The squadron trained at Hamilton until the end of 1937, when it was ordered to proceed to Hickam Field, Hawaii, to reinforce the Hawaiian Department. It departed from the port of San Francisco on the USAT Republic on 1 February 1938, arriving at the port of Honolulu on 8 February and transferring to Hickam the same day, being assigned to the 5th Composite Group. The 31st joined the 23d and 72d Bombardment Squadrons at Luke Field on Ford Island which were equipped with Martin B-12s. The 31st had brought its B-18s with it to Hickam, and it began engaging in reconnaissance flights over the Islands. In mid-1941, the 5th Bombardment Group began receiving B-17D Flying Fortresses from the United States, as part of the United States buildup of its Pacific forces due to rising tensions with the Japanese Empire.

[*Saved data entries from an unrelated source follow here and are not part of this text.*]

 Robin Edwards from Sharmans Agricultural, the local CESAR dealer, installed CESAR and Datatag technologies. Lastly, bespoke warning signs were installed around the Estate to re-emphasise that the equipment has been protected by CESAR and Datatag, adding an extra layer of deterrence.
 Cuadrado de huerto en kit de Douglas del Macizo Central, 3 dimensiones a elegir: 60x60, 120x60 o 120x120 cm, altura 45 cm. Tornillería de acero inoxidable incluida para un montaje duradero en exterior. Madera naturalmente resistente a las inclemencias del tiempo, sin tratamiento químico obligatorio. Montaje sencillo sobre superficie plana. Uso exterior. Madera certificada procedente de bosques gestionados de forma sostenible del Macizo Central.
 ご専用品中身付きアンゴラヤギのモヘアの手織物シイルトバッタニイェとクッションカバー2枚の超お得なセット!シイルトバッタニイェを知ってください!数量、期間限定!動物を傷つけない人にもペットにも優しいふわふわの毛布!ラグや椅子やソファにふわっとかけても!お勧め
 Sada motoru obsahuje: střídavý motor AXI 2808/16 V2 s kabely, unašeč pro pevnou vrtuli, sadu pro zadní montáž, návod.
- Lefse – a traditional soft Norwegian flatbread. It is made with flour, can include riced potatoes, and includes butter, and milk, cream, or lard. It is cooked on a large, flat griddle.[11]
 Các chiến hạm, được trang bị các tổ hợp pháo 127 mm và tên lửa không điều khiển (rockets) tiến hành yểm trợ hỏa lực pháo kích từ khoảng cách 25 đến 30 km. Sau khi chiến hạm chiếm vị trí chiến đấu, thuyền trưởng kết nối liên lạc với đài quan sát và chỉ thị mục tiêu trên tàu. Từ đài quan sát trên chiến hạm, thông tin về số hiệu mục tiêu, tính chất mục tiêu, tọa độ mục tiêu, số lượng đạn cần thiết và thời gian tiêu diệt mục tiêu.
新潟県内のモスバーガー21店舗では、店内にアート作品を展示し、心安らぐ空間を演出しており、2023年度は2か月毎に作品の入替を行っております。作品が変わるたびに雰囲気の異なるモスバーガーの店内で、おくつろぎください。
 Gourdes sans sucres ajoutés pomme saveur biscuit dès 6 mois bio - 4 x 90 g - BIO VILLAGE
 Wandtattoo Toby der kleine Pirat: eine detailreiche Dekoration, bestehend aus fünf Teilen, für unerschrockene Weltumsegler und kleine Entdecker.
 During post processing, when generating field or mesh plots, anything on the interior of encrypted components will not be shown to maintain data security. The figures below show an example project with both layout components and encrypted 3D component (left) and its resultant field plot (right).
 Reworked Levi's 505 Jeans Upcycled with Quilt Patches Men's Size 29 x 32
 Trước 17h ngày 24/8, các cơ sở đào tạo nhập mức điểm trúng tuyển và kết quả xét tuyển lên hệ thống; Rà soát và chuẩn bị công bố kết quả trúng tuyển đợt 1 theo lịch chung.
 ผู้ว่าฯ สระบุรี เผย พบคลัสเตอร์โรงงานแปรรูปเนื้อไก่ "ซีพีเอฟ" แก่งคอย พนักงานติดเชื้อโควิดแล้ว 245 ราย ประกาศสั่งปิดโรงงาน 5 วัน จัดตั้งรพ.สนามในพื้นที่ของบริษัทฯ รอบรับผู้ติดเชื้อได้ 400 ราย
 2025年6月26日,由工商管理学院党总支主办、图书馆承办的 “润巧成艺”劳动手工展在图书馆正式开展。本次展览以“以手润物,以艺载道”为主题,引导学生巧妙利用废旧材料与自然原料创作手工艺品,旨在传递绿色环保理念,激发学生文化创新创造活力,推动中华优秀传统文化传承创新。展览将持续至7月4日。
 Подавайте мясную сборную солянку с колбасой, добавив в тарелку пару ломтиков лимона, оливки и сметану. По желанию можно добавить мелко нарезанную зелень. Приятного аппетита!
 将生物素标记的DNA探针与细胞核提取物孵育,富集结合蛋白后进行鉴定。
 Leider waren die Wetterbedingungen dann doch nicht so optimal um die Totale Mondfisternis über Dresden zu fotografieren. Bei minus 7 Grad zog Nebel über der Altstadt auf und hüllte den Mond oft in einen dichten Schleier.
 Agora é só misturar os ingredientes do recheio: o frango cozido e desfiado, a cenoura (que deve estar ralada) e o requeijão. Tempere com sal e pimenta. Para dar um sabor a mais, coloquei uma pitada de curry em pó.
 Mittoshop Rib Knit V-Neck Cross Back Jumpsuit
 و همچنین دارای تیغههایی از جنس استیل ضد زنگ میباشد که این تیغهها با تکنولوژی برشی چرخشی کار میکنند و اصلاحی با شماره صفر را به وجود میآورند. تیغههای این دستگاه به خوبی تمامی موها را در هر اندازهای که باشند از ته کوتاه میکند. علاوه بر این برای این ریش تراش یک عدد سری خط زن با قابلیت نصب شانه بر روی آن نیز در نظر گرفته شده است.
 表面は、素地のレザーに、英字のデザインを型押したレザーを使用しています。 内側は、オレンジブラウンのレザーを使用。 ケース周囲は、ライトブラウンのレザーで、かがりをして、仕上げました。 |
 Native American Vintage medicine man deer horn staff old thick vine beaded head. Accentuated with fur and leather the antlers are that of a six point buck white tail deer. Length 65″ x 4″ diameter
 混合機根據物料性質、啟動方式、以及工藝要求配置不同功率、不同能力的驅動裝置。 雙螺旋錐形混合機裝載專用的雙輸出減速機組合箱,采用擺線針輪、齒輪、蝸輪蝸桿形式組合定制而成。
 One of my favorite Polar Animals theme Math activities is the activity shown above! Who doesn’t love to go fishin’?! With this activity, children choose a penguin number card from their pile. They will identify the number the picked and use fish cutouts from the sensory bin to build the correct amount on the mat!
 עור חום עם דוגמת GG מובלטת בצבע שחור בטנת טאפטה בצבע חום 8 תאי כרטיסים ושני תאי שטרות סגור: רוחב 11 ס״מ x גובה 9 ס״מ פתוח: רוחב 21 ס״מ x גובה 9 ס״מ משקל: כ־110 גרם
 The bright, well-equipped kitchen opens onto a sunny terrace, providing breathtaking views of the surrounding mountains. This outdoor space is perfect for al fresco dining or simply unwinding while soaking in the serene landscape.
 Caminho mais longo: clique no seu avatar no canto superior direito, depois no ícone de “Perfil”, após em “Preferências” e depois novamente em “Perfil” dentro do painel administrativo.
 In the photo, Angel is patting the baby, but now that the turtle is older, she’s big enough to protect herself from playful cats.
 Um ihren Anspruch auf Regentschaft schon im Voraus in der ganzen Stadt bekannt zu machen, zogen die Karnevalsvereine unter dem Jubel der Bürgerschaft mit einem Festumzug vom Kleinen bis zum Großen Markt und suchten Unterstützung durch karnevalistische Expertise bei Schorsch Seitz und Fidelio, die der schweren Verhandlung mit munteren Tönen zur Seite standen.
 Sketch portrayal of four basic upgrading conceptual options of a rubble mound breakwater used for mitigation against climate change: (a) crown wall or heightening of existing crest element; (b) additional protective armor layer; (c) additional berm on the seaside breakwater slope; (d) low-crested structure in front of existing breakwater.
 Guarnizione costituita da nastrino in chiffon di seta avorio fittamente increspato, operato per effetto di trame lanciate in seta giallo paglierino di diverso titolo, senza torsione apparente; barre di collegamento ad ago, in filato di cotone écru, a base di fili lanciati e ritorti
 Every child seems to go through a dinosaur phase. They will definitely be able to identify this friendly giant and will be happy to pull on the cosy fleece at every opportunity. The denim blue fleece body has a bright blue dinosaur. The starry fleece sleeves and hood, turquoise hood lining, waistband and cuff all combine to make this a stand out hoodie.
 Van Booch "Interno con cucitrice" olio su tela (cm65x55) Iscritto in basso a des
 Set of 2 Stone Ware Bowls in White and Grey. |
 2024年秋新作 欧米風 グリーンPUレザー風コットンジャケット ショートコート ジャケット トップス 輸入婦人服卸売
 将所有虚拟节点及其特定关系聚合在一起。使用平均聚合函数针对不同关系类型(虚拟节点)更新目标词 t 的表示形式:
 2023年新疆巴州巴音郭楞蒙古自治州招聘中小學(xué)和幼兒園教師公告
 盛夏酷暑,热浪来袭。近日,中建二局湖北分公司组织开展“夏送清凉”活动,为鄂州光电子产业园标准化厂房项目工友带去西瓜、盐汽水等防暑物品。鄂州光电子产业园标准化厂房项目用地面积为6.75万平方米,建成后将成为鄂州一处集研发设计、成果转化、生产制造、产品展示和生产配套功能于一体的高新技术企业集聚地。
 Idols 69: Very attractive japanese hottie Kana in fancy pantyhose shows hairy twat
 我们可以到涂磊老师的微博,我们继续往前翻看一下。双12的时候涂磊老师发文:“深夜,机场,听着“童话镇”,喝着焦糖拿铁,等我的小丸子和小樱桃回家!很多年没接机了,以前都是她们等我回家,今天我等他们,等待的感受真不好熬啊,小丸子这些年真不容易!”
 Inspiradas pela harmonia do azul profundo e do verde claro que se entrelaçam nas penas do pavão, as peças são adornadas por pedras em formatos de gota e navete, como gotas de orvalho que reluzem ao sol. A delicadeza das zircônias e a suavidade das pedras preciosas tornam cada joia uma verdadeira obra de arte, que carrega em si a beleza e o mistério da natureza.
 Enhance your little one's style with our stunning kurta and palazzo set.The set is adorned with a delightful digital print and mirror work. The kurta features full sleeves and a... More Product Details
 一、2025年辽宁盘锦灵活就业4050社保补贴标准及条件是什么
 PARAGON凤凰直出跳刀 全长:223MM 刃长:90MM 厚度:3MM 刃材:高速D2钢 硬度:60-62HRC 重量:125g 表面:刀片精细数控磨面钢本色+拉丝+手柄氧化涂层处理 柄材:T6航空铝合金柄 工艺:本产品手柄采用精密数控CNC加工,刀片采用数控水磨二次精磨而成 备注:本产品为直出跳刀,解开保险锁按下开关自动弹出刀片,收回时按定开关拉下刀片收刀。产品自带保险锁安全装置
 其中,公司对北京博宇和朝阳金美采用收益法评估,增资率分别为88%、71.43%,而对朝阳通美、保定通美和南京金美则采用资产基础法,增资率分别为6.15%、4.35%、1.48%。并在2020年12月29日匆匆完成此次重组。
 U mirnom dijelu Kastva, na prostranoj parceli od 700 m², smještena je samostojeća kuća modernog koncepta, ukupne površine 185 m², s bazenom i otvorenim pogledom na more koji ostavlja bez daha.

On 6 December 1941, the 5th had a total of 12 B-17Ds on the line at Hickam Field, along with 33 B-18s. Five additional B-17Ds with the 11th Bombardment Group, were also on the line at Hickam. The 38th Reconnaissance Squadron with four B-17Cs and two new B-17Es were inbound from Hamilton Field to Hickam on their way to Clark Field in the Philippines to reinforce the American force there.

===World War II===
During the Japanese attack on Pearl Harbor, 7 December 1941, 5 of the B-17Ds were destroyed, and the rest were damaged. Most of the B-18s were destroyed on the ground in the initial Japanese onslaught. The ones that remained played no significant role in subsequent operations. The 38th Reconnaissance Squadron arrived at Oahu at the height of the attack (radar operators mistakenly thought that the Japanese attack force was this flight arriving from California). Some of the planes managed to land at the short Haleiwa Fighter Strip, one set down on a golf course, and the remainder landed at Hickam under the strafing of Japanese planes. The 31st suffered eighteen casualties among assigned and attached personnel; four were killed and fourteen others wounded (two of the latter died of their wounds).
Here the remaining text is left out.